*** Opening of Data extracts ***

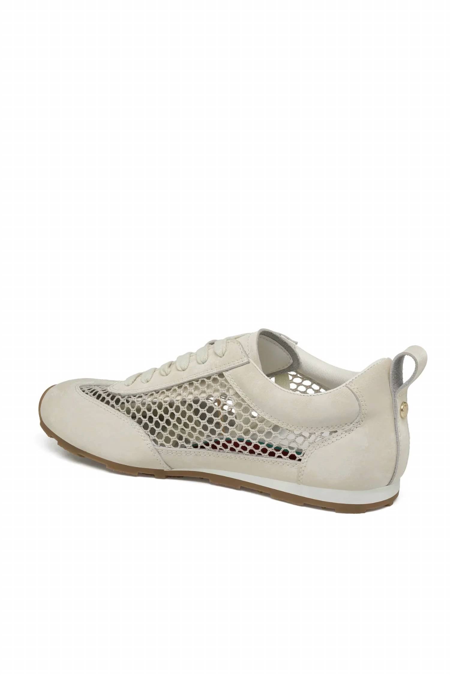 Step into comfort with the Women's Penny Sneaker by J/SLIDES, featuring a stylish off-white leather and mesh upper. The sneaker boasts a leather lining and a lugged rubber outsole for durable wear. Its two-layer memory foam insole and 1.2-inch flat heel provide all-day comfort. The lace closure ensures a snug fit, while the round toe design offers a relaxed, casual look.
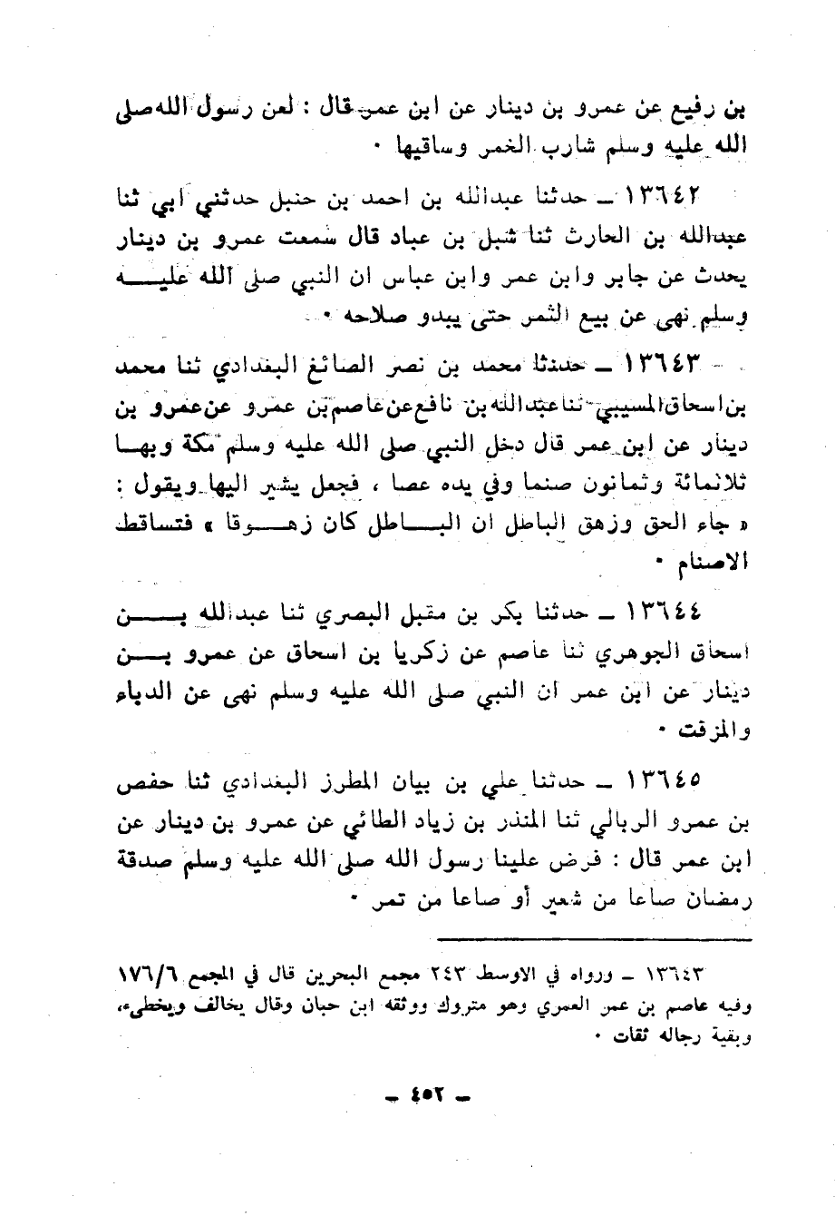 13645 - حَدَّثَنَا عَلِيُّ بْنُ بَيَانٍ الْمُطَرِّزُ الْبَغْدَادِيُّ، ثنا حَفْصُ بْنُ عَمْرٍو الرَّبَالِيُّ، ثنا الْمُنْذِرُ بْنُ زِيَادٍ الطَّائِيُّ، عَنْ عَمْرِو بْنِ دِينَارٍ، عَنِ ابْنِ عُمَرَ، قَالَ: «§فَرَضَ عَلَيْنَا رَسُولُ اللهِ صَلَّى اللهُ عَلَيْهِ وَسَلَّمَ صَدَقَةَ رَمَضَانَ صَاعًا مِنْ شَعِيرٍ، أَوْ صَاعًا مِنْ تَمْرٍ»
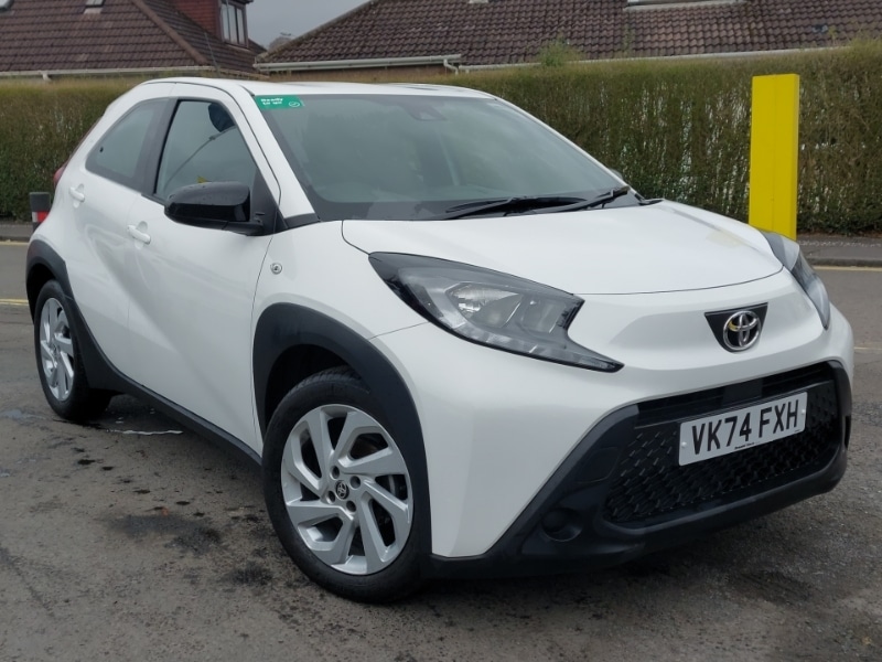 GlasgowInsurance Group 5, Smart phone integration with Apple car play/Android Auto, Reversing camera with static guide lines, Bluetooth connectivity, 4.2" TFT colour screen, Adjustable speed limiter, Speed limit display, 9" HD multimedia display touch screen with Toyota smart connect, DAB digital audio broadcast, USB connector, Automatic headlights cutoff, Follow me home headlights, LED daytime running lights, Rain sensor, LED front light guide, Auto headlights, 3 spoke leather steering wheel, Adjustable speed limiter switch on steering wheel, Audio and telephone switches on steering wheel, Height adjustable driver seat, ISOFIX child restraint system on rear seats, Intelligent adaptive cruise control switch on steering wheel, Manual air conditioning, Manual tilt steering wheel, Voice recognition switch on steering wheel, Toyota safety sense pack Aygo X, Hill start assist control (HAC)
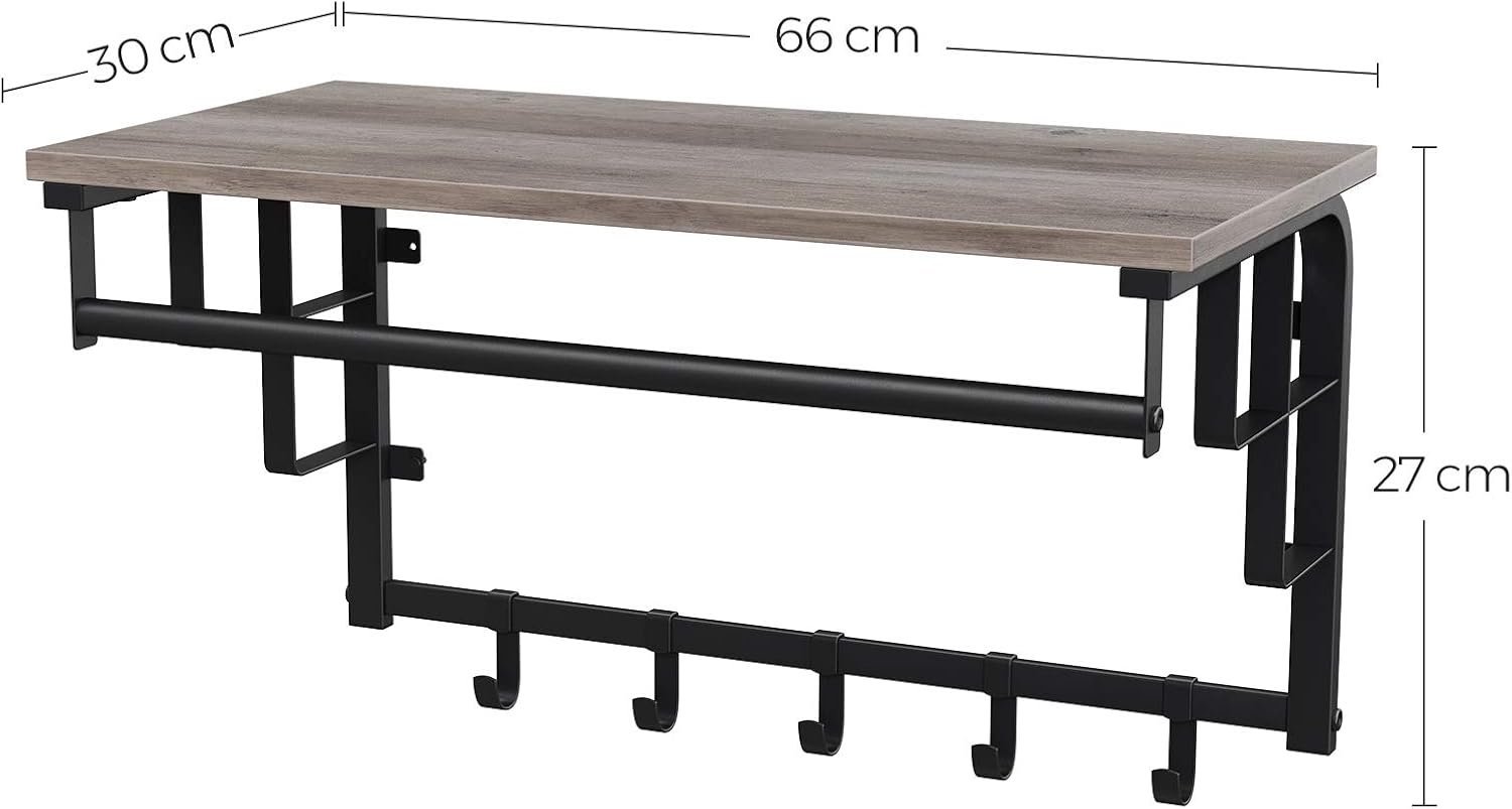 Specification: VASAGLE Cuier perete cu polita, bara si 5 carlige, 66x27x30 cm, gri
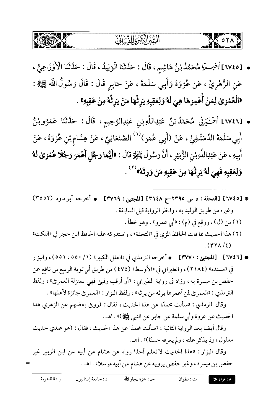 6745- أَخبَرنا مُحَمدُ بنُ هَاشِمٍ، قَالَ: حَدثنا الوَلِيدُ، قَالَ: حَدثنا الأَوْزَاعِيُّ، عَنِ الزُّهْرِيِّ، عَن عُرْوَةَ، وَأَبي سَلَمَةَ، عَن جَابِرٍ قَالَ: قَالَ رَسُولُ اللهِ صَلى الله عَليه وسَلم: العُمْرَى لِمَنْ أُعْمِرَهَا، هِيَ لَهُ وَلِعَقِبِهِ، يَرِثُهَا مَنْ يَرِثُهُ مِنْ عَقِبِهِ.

*** Close of Data extracts ***
*** Opening of Data extracts ***

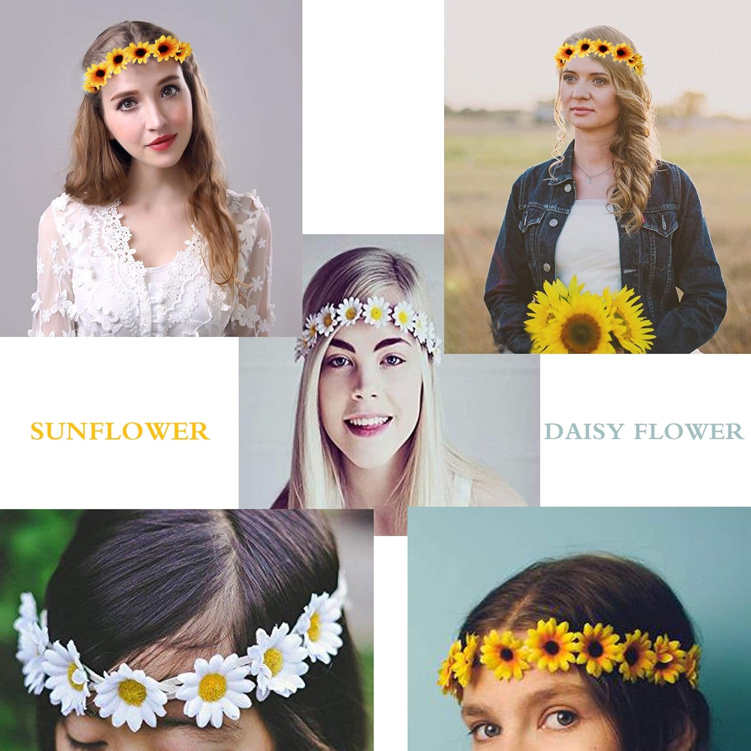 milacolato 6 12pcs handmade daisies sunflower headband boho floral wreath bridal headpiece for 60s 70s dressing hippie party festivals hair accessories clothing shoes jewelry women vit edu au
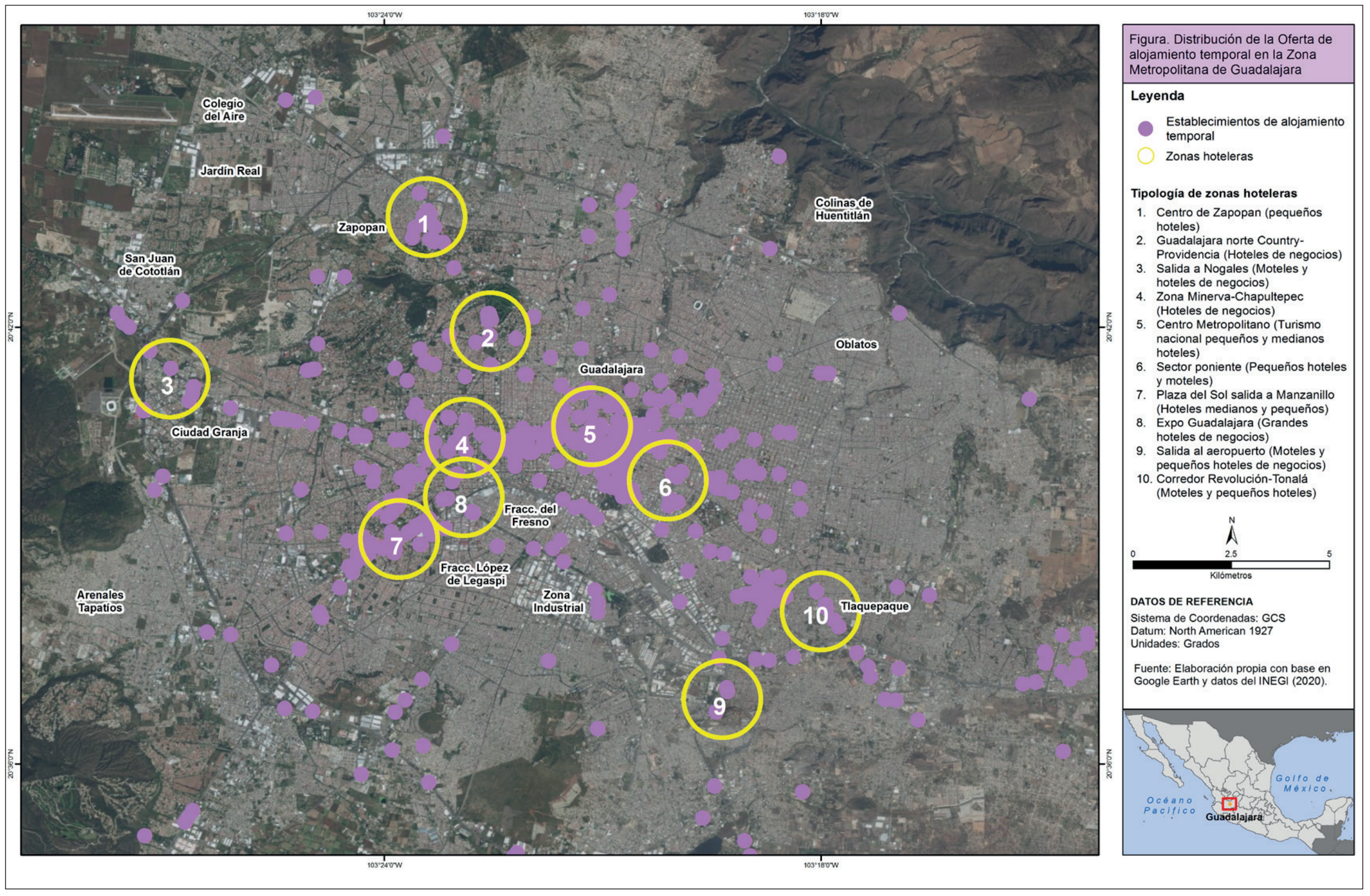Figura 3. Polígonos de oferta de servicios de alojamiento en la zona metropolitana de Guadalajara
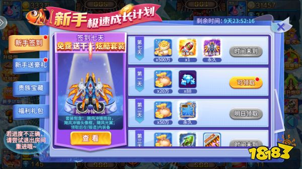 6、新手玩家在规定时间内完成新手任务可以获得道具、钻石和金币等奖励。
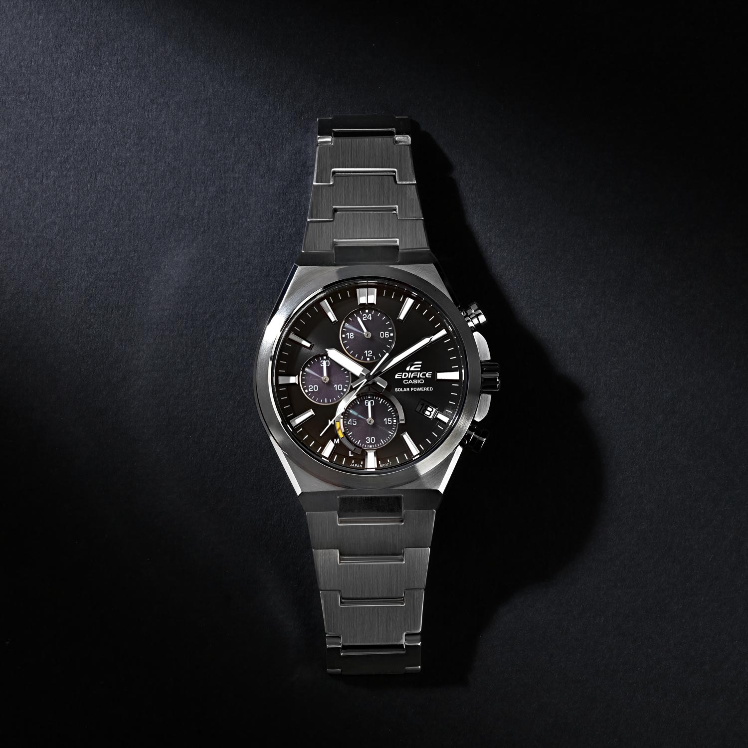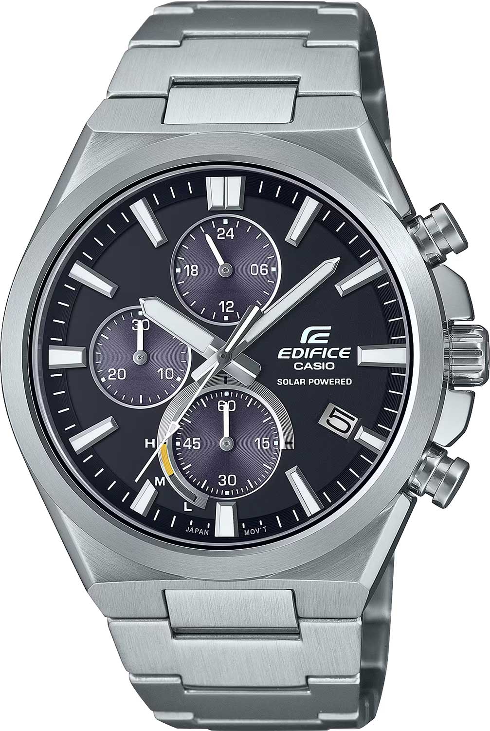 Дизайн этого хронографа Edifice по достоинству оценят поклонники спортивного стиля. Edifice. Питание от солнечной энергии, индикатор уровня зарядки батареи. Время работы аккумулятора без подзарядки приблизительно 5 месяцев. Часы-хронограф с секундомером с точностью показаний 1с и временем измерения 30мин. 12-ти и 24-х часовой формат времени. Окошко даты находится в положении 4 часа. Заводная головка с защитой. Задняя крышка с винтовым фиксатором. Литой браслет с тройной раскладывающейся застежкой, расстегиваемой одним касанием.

*** Close of Data extracts ***
*** Opening of Data extracts ***

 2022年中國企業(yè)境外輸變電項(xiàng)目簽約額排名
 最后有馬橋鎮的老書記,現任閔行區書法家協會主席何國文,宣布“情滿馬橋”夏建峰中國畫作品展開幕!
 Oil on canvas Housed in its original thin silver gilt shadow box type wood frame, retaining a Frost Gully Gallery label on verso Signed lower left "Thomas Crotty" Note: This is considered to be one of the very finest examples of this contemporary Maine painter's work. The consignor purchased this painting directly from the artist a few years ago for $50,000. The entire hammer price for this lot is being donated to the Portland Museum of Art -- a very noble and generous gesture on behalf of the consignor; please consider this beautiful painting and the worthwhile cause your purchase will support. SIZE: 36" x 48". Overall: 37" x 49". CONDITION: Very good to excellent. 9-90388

*** Close of Data extracts ***

- _The task_:
Look above for the line with "milacolato 6 12pcs", then print it and each line after it down to and including the line with "Дизайн этого хронографа". Leave out the pictures and keep the wording exact.

- _Your solution_:
 milacolato 6 12pcs handmade daisies sunflower headband boho floral wreath bridal headpiece for 60s 70s dressing hippie party festivals hair accessories clothing shoes jewelry women vit edu au
Figura 3. Polígonos de oferta de servicios de alojamiento en la zona metropolitana de Guadalajara
 6、新手玩家在规定时间内完成新手任务可以获得道具、钻石和金币等奖励。
 Дизайн этого хронографа Edifice по достоинству оценят поклонники спортивного стиля. Edifice. Питание от солнечной энергии, индикатор уровня зарядки батареи. Время работы аккумулятора без подзарядки приблизительно 5 месяцев. Часы-хронограф с секундомером с точностью показаний 1с и временем измерения 30мин. 12-ти и 24-х часовой формат времени. Окошко даты находится в положении 4 часа. Заводная головка с защитой. Задняя крышка с винтовым фиксатором. Литой браслет с тройной раскладывающейся застежкой, расстегиваемой одним касанием.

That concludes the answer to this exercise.